I’m not a Columbus Crew SC fan... at least not any more.
When I got into the sports journalism world and began covering the team in 2013, and full-time in 2014, my fandom turned into a profession.
If Crew SC won, it was about the story. If Crew SC lost, it was about the story. I noticed more and more that the joy or pain of victories or defeats was no longer there the more I did it.
That was until Monday, when murmurs began to reach my professional ears that Columbus was set to lose its Major League Soccer franchise — Major League Soccer’s first franchise — unless a stadium was built.
After doing my due diligence and reaching out to sources which were only confirming what was coming — eventually reported by Sports Illustrated’s Grant Wahl — the fandom that was buried deep after more than four years came back.
I remembered the early days of the Columbus Crew. Brian McBride, Doctor Khumalo and Bo Oshoniyi. I remembered being in Ohio Stadium for the first time and thinking of it as a soccer palace and not a college football stadium. Losing to the hated D.C. United.
I remembered the hiring of Greg Andrulis and sitting next to him at a dinner as a kid. He stood up to give his speech and — not to brag — but began it by naming me and applauding my knowledge of his team and its tactics.

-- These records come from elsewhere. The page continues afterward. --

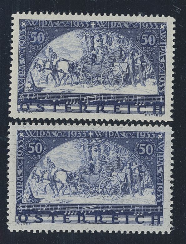 Austria. Michel 555A–556A ★★, 1933 WIPA Exhibition 50+50 g dark ultramarine on ordinary paper and on "fasier-paper". EUR 1000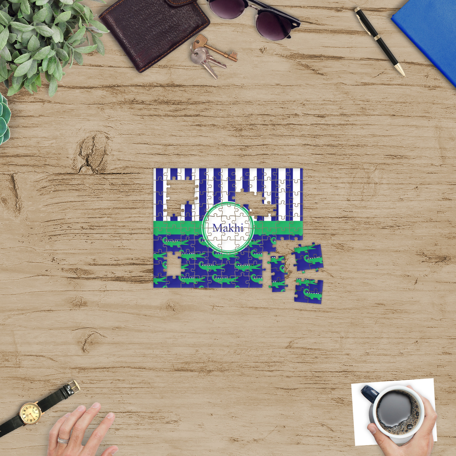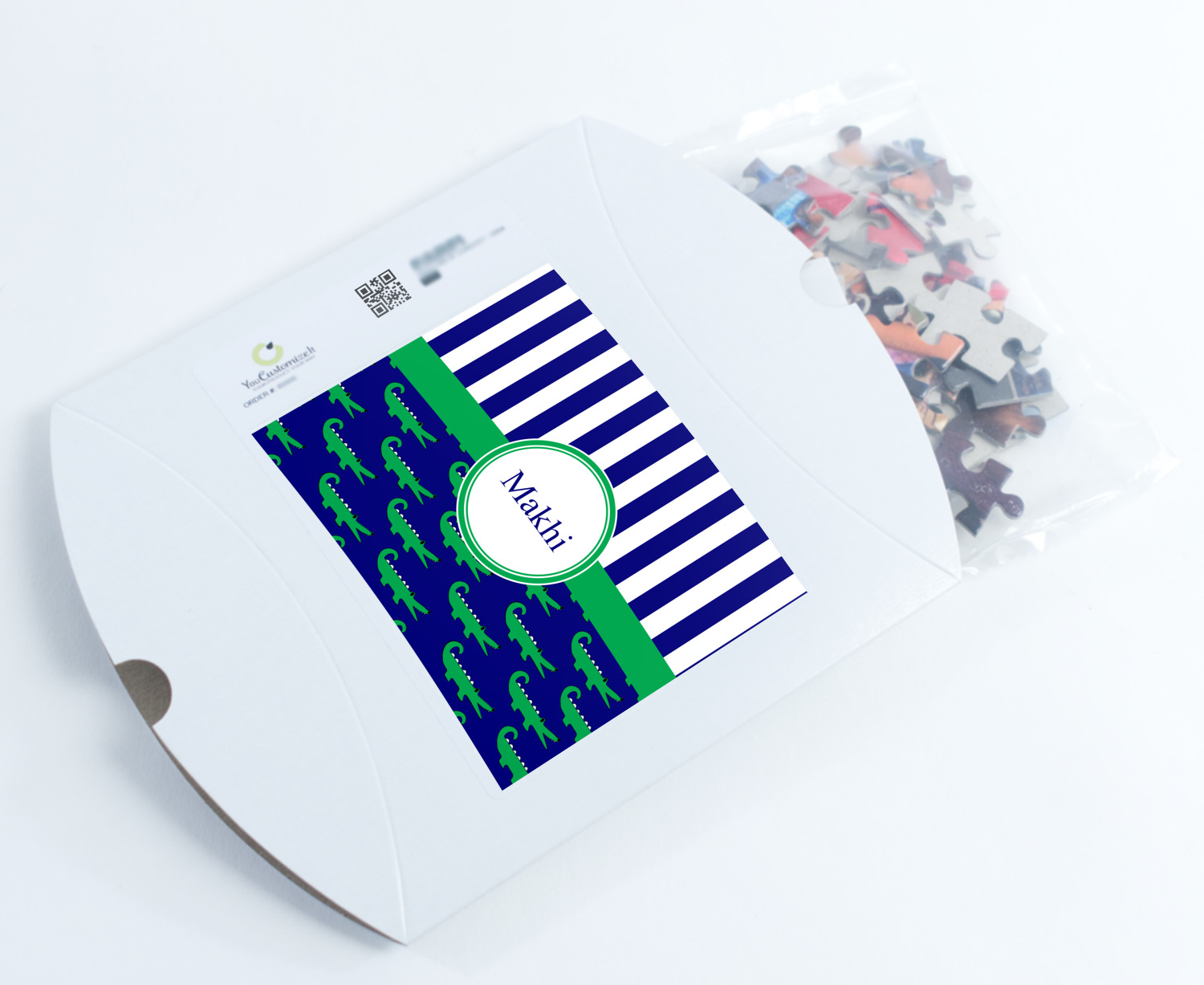 You can also upload your logo or art that you or your kids drew. To create more challenging jigsaw puzzles, you can create a pattern from with your logo or artwork. You can also add other elements such as text or personalization.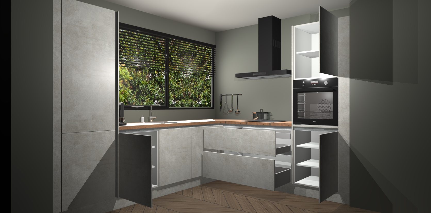 Met een modern, tijdloos design en ruime opslagruimte, zult u zich in no-time thuis voelen in uw nieuwe keuken. Uw leven wordt eenvoudiger met de soft-close deuren die voor het ultieme stille comfort zorgen - geen geluid dat u stoort terwijl u kookt. Ook is de keuken voorzien van 5 ingebouwde apparaten: een oven, inductie kookplaat, afzuigkap, vaatwasser en koelkast. Deze kunnen gemakkelijk na bestelling worden bijgewerkt naar AEG - waardoor uw luxe ervaring compleet is.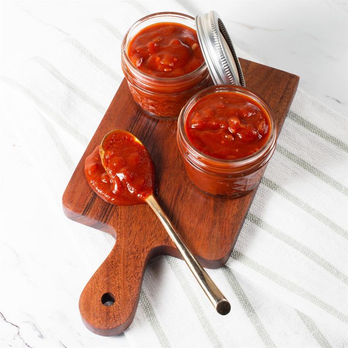 Packed alongside cheese and crackers, this homemade barbecue sauce is a delightful savory gift option. —Darla Andrews, Lewisville, Texas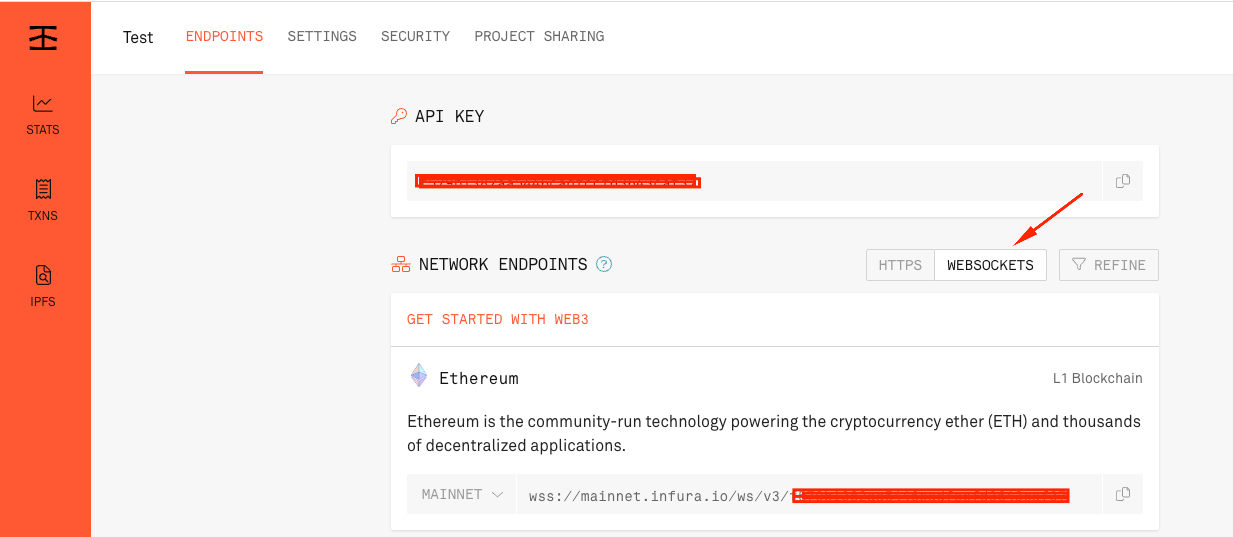 First, we will need a Websocket provider. We do so by using ethers.providers.WebSocketProvider and passing in infura websocket gateway , which you can get from infura by clicking the "websocket" tab in API keys section: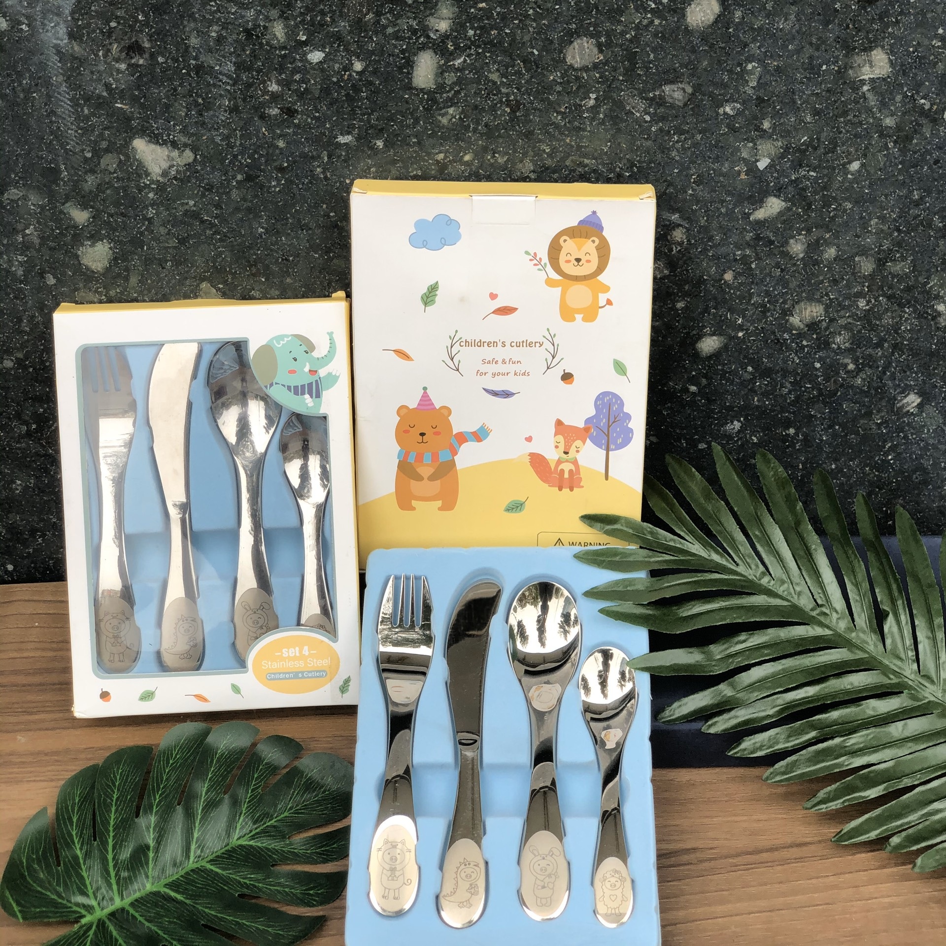 Bộ đồ ăn 4 món dành cho trẻ em thuộc dòng Jungle là sản phẩm hoàn hảo cho những bàn tay nhỏ bé đang trải nghiệm dao, nĩa và thìa đầu tiên. Để làm cho trải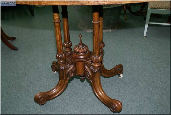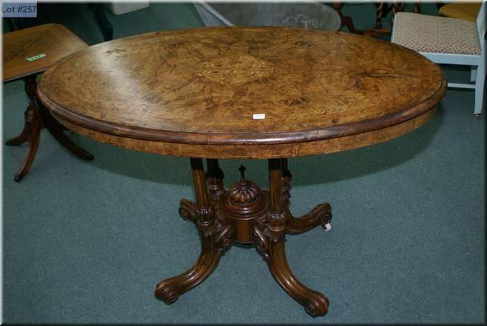 A Victorian burl walnut splayed leg occasional table with inlaid foliage and original porcelain castors

I remembered shortly after freezing my ass off as I watched Freddy Garcy win the team’s first trophy at Crew Stadium, defeating the MLS Cup champion LA Galaxy. What a night that was!
The 2004 season came flooding back to me and the 18-game unbeaten run that saw the Crew win its first Supporter’s Shield and give me the first real hope I’d had of watching this team, my team, win MLS Cup. Thanks Tony Sanneh.
V-Army and the Legion and the friends I came with and made during that season are memories I still cherish until this day... even if they’ve lied dormant. My love, no matter how many times he fixed his socks, of Kyle Martino. I’m glad he’s still gracing my television with his presence.
And then there was 2008. What a year it was! Chad Marshall over Brian McBride may be my favorite memory in sports. I almost didn’t go to MLS Cup in Los Angeles. I was a poor college student who had already been to California once a few months prior. But a friend talked me into it and, with new credit card debt, I was there.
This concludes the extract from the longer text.